For good measure, the institute also announced Thursday that it will move to a “distance learning” format after classes resume after spring break March 30.
For all teams and athletes, many competing in their senior seasons for the last time in an organized setting, opportunities to compete after countless hours spent in practices and individual training have been lost. There are far heavier costs being borne by the spread of the coronavirus, but it doesn’t make anyone’s own sacrifices any lighter.
On the women’s track and field team, for instance, distance runner Nicole Fegans and triple jumper Bria Matthews were to compete in this weekend’s NCAA indoor track and field championship in Albuquerque, N.M. Both won ACC champions in their respective events, Fegans (a junior) in the 3,000 meters and Matthews in the triple jump. For Matthews, a senior, it was her third.
Matthews will finish her Tech career as a most exemplary jumper. But she’ll likely be denied her last outdoor track and field season.
It’s conceivable that the ACC suspension could be lifted before the end of teams’ regular seasons, although that seems unlikely. The Big Ten, for instance, has canceled all competition through the end of the academic year. But even if that were to happen, the cancellation of all NCAA championship events removes the ultimate incentive for Yellow Jackets athletes. Before the start of the baseball season, for example, players spoke of getting to Omaha, Neb. – site of the College World Series. For the team’s seniors and juniors likely to jump to the professional ranks if drafted, that goal has been eliminated.

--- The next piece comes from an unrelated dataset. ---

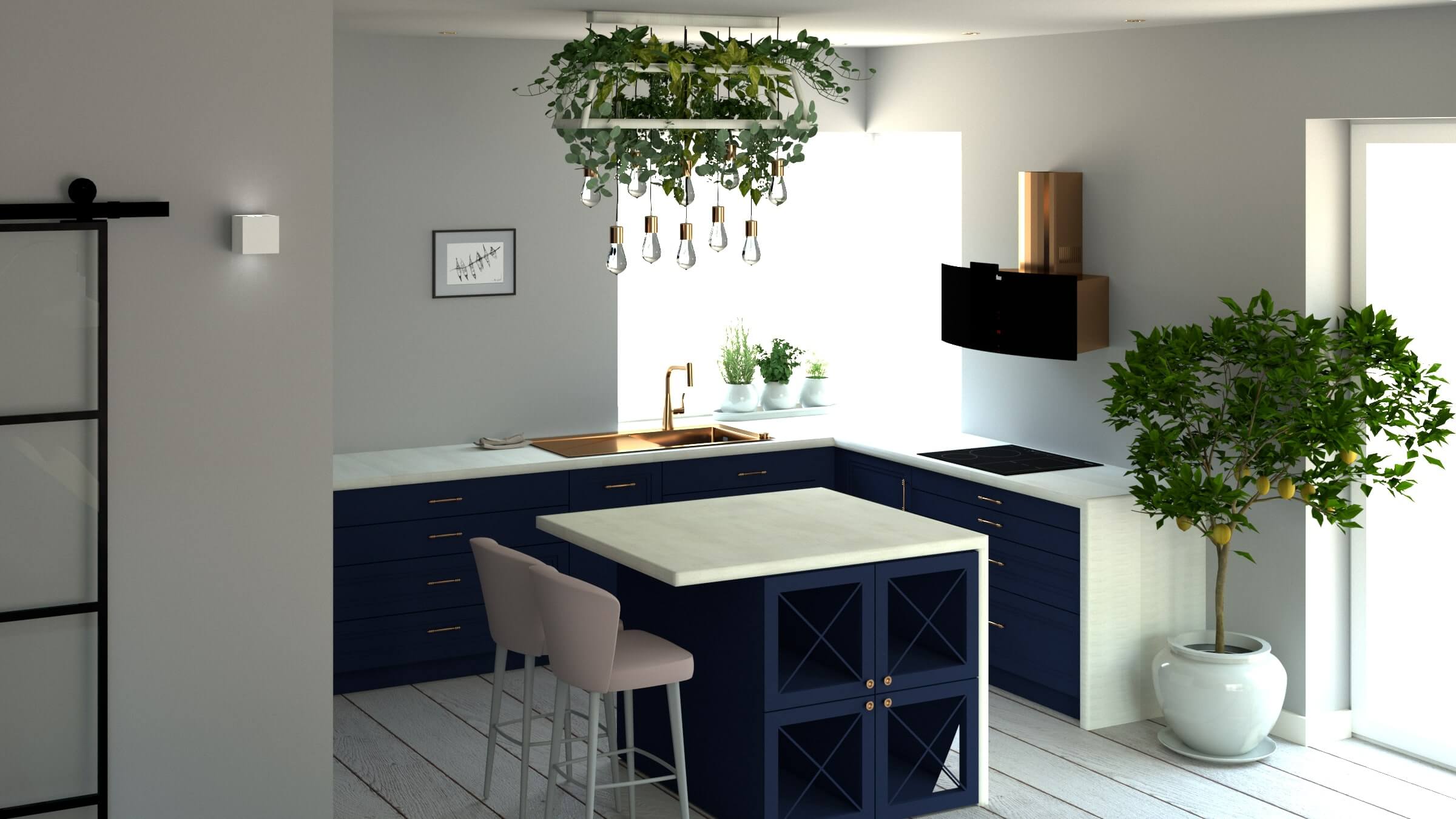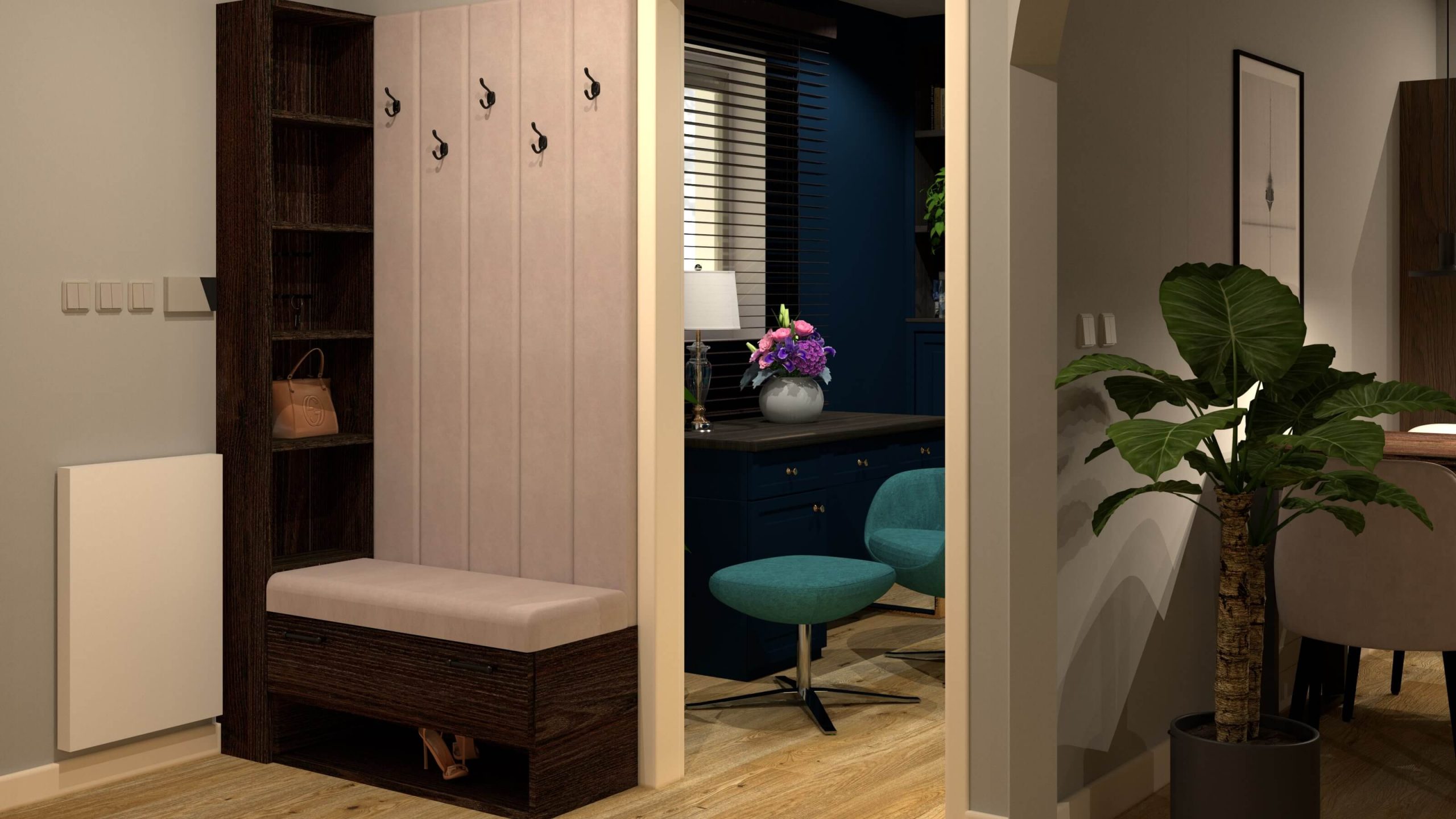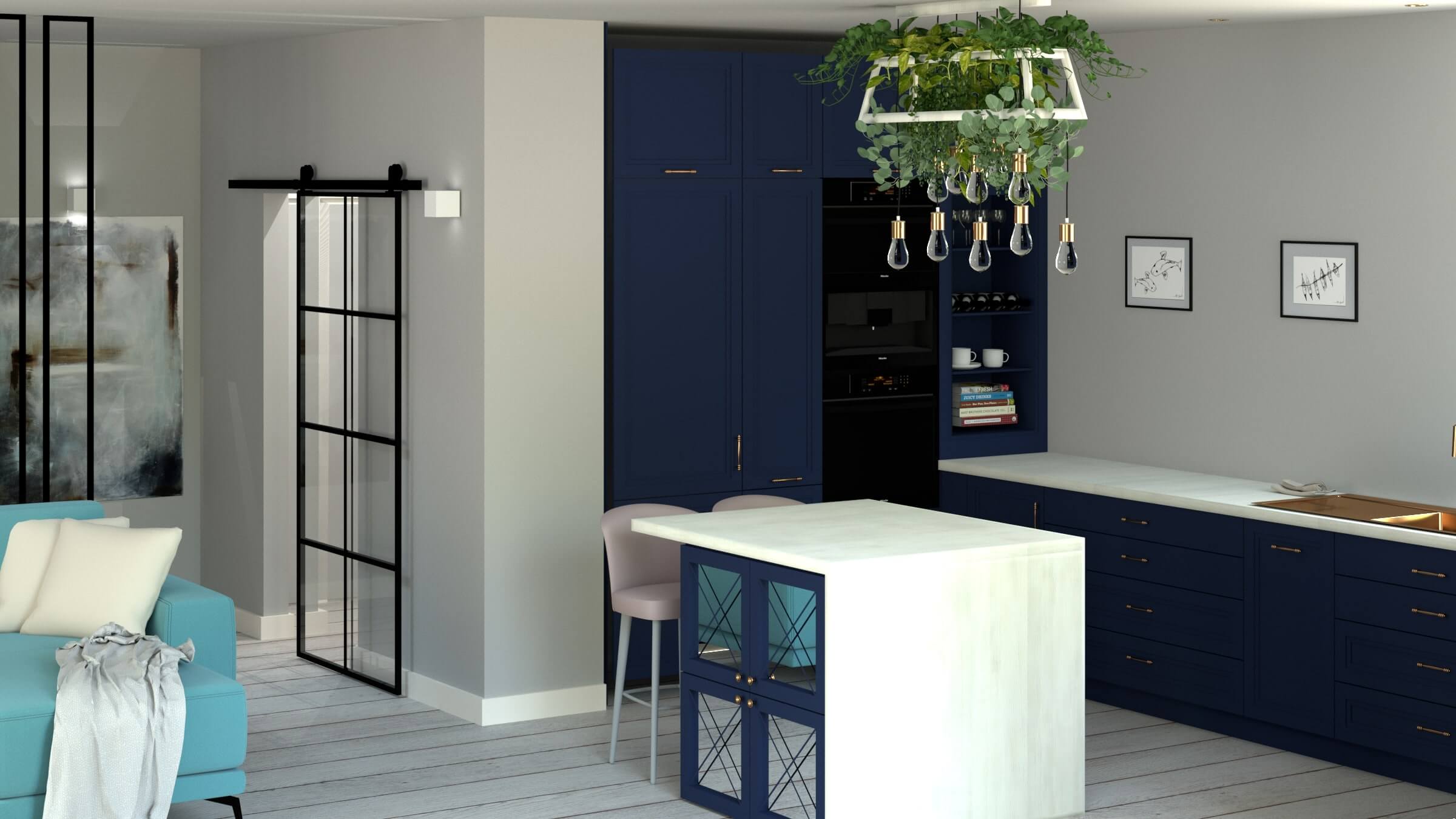 Elegancka aranżacja z elementami loftowymi obejmowała salon z aneksem kuchennym i wiatrołap. Kolorystyka kuchni nawiązuje do barw marynarki wojennej – fronty w kolorze navy blue, blaty i podłoga z bielonego drewna, mosiężna armatura, zlewozmywak i uchwyty. Z barwami kuchni pięknie współgrają czarne elementy w pozostałej części mieszkania – balustrada na schodach i szklane drzwi do przedpokoju w metalowych czarnych ramach. Hokery z różową tapicerką oraz pastelowe tkaniny w salonie dodają wnętrzu lekkości, a rośliny tworzą przytulny klimat. Na ścianach wiszą grafiki oraz obraz olejny polskiej artystki Mai Gajewskiej. Całość dopełnia czarno-biały plakat w salonie, który łączy dwa style.

For Tech’s golf team, perennially the best team on campus, coach Bruce Heppler has a team ranked third nationally that has a core of three seniors who helped the Jackets win the ACC championship a year ago, the team’s 18th. Tech’s hunt for its first-ever national championship will have to wait.
Tech’s women’s tennis team is ranked ninth nationally, and senior Kenya Jones is the No. 20 singles player in the country. The men’s team ranks 44th.
At the end of a wild day, when those Jackets can take to the court again – or their fellow Jackets to their own competitive arenas – can only be guessed.